Brief
No picture should appear in the copy. Transcribe exactly, and only, the lines from the one with "1) una bolsa" through the last line of the data below.

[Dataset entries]
"""

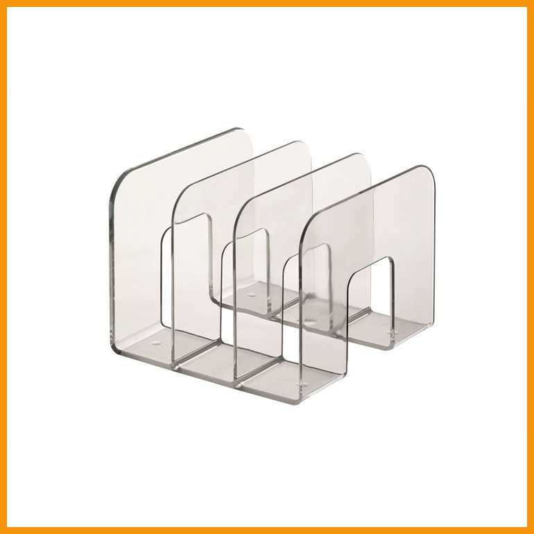 Durable Trend -lehtitelineessä on kolme osastoa lehdille tai esitteille. Teline on valmistettu kirkkaasta polystyreenistä.Mitat: 215 x 210 x 165 mm
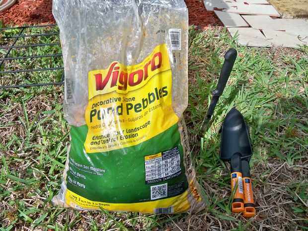 1) una bolsa de piedras, rocas, guijarros, etc., que fue utilizado para ayudar con el drenaje y asegurar mi suelo no estancarse.
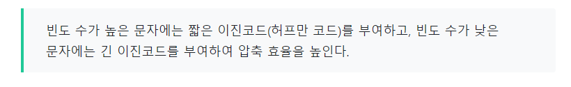 이 접두어 코드를 아스키코드로 한다면? 총 24bit의 저장 공간을 소비한다. 반면에 압축한 상태 그대로 이진코드로 표현한다면 0110111로 7bit로 압축이 가능하게된다. 이처럼 입력 문자의 빈도수를 가지고 압축하는 것이 허프만 코딩이다.
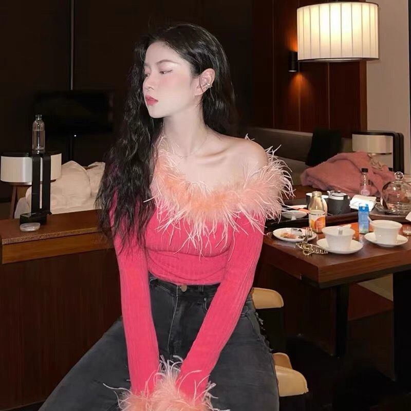 Nomikuma 羽パッチワークオフショルダー長袖クロップニットトップススリム女性ニットセーター 2022 ロング kor53223036699
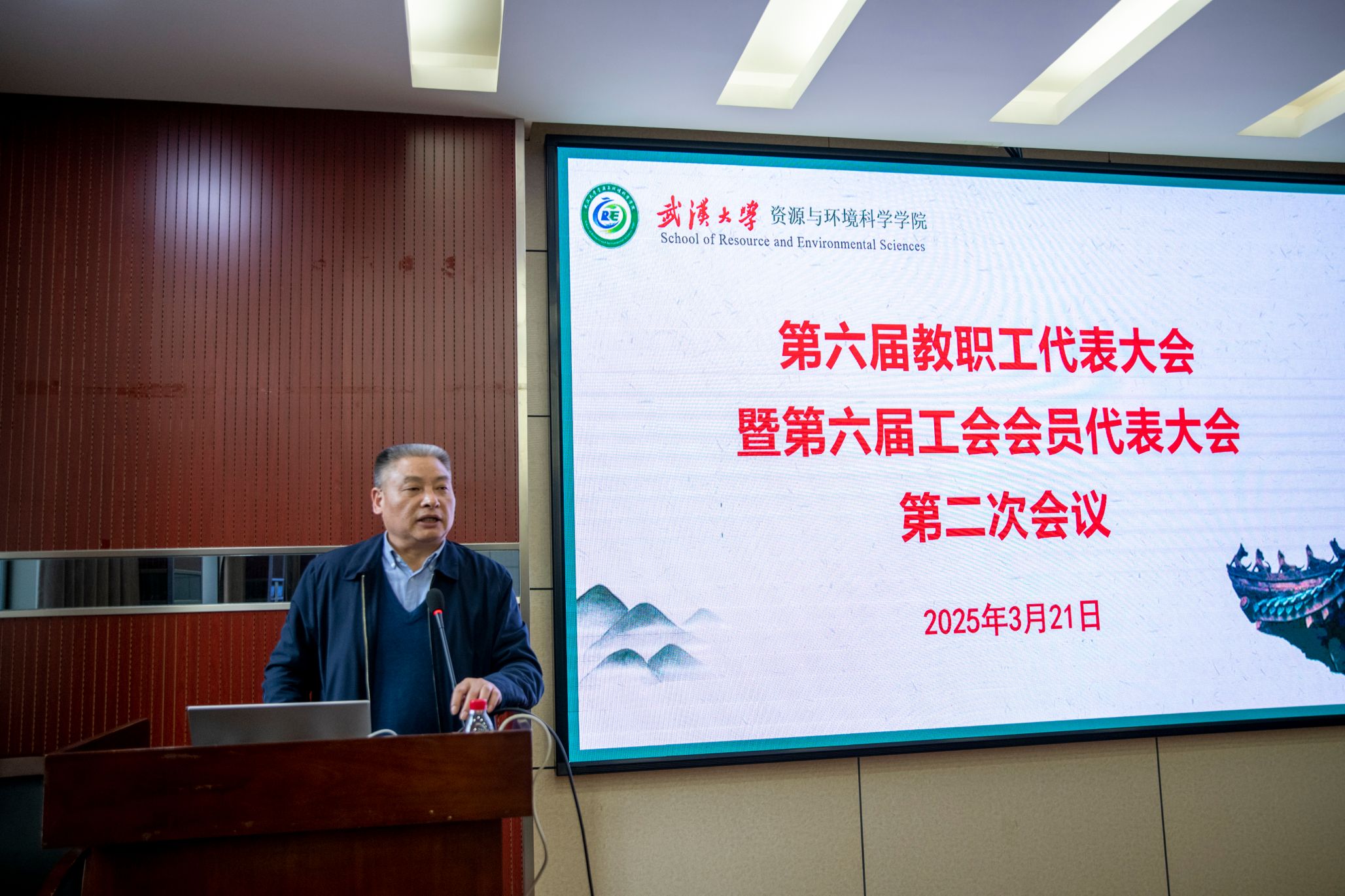 大会上,院长沈焕锋代表学院作年度工作报告。沈焕锋院长表示,过去的一年,学院始终坚持以立德树人为根本任务,紧紧围绕“双一流”建设目标,全面推进各项事业高质量发展。沈院长系统回顾了2024年学院在学科建设、人才培养、队伍建设、科研创新、管理服务等重点领域取得的显著成效,同时客观分析了当前工作中存在的短板与不足,也反馈了学院上一次“两代会”中代表们提出建议的落实情况,并就2025年学院的重点工作任务进行了全面部署和科学谋划。

"""

Answer to the exercise
 1) una bolsa de piedras, rocas, guijarros, etc., que fue utilizado para ayudar con el drenaje y asegurar mi suelo no estancarse.
 이 접두어 코드를 아스키코드로 한다면? 총 24bit의 저장 공간을 소비한다. 반면에 압축한 상태 그대로 이진코드로 표현한다면 0110111로 7bit로 압축이 가능하게된다. 이처럼 입력 문자의 빈도수를 가지고 압축하는 것이 허프만 코딩이다.
 Nomikuma 羽パッチワークオフショルダー長袖クロップニットトップススリム女性ニットセーター 2022 ロング kor53223036699
 大会上,院长沈焕锋代表学院作年度工作报告。沈焕锋院长表示,过去的一年,学院始终坚持以立德树人为根本任务,紧紧围绕“双一流”建设目标,全面推进各项事业高质量发展。沈院长系统回顾了2024年学院在学科建设、人才培养、队伍建设、科研创新、管理服务等重点领域取得的显著成效,同时客观分析了当前工作中存在的短板与不足,也反馈了学院上一次“两代会”中代表们提出建议的落实情况,并就2025年学院的重点工作任务进行了全面部署和科学谋划。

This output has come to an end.